You can override the language detection by passing the --language option. Difftastic will treat input files as if they had that extension, and ignore other language detection heuristics.

$ difft --language cpp before.c after.c

Git

Git supports external diff tools. You can use GIT_EXTERNAL_DIFF for a one-off git command.

$ GIT_EXTERNAL_DIFF=difft git diff
$ GIT_EXTERNAL_DIFF=difft git log -p --ext-diff
$ GIT_EXTERNAL_DIFF=difft git show e96a7241760319 --ext-diff

If you want to use difftastic by default, use git config.

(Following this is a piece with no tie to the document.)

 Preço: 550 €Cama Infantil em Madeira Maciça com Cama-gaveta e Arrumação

# Set git configuration for the current repository.
$ git config diff.external difft

# Set git configuration for all repositories.
$ git config --global diff.external difft

After running git config, git diff will use difft automatically. Other git commands require --ext-diff to use diff.external.

$ git diff
$ git log -p --ext-diff
$ git show e96a7241760319 --ext-diff

git-difftool

git difftool is a git command for viewing the current changes with a different diff tool. It's useful if you want to use difftastic occasionally.

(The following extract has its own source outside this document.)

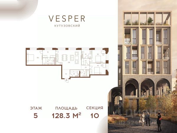 Продается квартира 3-спальнями без отделки, в корпусе 9.1 общей площадью 132.8 кв.м. на 5 этаже. Знаковый проект для ценителей комфортной городской среды от Vesper. Квартал площадью 3,7 га расположен на Кутузовском проспекте и воплощает новую концепцию идеально сбалансированного места для жизни. Благодаря удачному расположению и развитой транспортной инфраструктуре отсюда одинаково быстро добираться как до Кремля и ММДЦ "Москва-Сити", так и до Рублево-Успенского шоссе. Планировочные решения проекта Vesper Кутузовский включают широкую линейку жилых форматов и подойдут для самых взыскательных резидентов: помимо базовых вариантов квартир доступны эксклюзивные лоты — пентхаусы с террасами и квартиры с патио. Продуманная приватная инфраструктура, собственный ландшафтный парк, близость магазинов и ресторанов делают Vesper Кутузовский достойным выбором для самых взыскательных клиентов: как для тех, кто любит уединение, так и для резидентов, которые стремятся быть в центре событий. Концепция жилого квартала разработана ODA Architecture. Разная высотность 10 строений, плавные линии и главный паттерн из арок, размер которых меняется в зависимости от дома и этажа, создают визуальный ритм квартала и делают его легким и элегантным, наполненным солнечным светом и воздухом.

Add the following to your .gitconfig to use difftastic as your difftool.

[diff]
        tool = difftastic

[difftool]
        prompt = false

[difftool "difftastic"]
        cmd = difft "$LOCAL" "$REMOTE"

You can then run git difftool to see current changes with difftastic.

$ git difftool

We also recommend the following settings to get the best difftool experience.

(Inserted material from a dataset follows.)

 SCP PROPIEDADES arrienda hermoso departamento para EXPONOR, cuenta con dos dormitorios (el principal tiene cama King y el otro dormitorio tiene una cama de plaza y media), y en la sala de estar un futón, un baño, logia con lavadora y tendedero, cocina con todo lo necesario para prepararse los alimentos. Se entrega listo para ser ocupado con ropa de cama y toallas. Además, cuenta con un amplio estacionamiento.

# Use a pager for large output, just like other git commands.
[pager]
        difftool = true

# `git dft` is less to type than `git difftool`.
[alias]
        dft = difftool

Mercurial

Mercurial supports external diff tools with the Extdiff extension. Enable it by adding an entry to extensions in your .hgrc.

[extensions]
extdiff =

You can then run hg extdiff -p difft (assumes the difft binary is on your $PATH).

You can also define an alias to run difftastic with hg. Add the following to your .hgrc to run difftastic with hg dft.

[extdiff]
cmd.dft = difft
opts.dft = --missing-as-empty

hg log -p

Mercurial does not have a way of changing the default diff tool, at least to the author's knowledge.

If you just want to view the diff of the most recent commit, you can use the following.

GIT_PAGER_IN_USE=1 hg dft -r .^ -r . | less

This is equivalent to hg log -l 1 -p, although it does not show the commit message.

Languages Supported

Difftastic supports the following programming languages.

LanguageParser Used
Bashtree-sitter/tree-sitter-bash
Ctree-sitter/tree-sitter-c
C++tree-sitter/tree-sitter-cpp
C#tree-sitter/tree-sitter-c-sharp
Clojuresogaiu/tree-sitter-clojure (branched)
Common LisptheHamsta/tree-sitter-commonlisp
DartUserNobody14/tree-sitter-dart
Elixirelixir-lang/tree-sitter-elixir
Elvishckafi/tree-sitter-elvish
Emacs Lispwilfred/tree-sitter-elisp
Gleamgleam-lang/tree-sitter-gleam
Gotree-sitter/tree-sitter-go
Haskelltree-sitter/tree-sitter-haskell
Janetsogaiu/tree-sitter-janet-simple
Javatree-sitter/tree-sitter-java
JavaScript, JSXtree-sitter/tree-sitter-javascript
Kotlinfwcd/tree-sitter-kotlin
Luanvim-treesitter/tree-sitter-lua
Nixcstrahan/tree-sitter-nix
OCamltree-sitter/tree-sitter-ocaml
Perlganezdragon/tree-sitter-perl
PHPtree-sitter/tree-sitter-php
Pythontree-sitter/tree-sitter-python
Rubytree-sitter/tree-sitter-ruby
Rusttree-sitter/tree-sitter-rust (forked)
Scalatree-sitter/tree-sitter-scala
Swiftalex-pinkus/tree-sitter-swift
TypeScript, TSXtree-sitter/tree-sitter-typescript
Zigmaxxnino/tree-sitter-zig

Difftastic also supports the following structured text formats.

LanguageParser Used
CSStree-sitter/tree-sitter-css
HCLMichaHoffmann/tree-sitter-hcl
JSONtree-sitter/tree-sitter-json
TOMLikatyang/tree-sitter-toml
YAMLikatyang/tree-sitter-yaml

Parsing

Difftastic uses tree-sitter to build a parse tree. The parse tree is then converted to a simpler tree which can be diffed.

Parsing with Tree-sitter

Difftastic relies on tree-sitter to understand syntax. You can view the parse tree that tree-sitter produces using the --dump-ts flag.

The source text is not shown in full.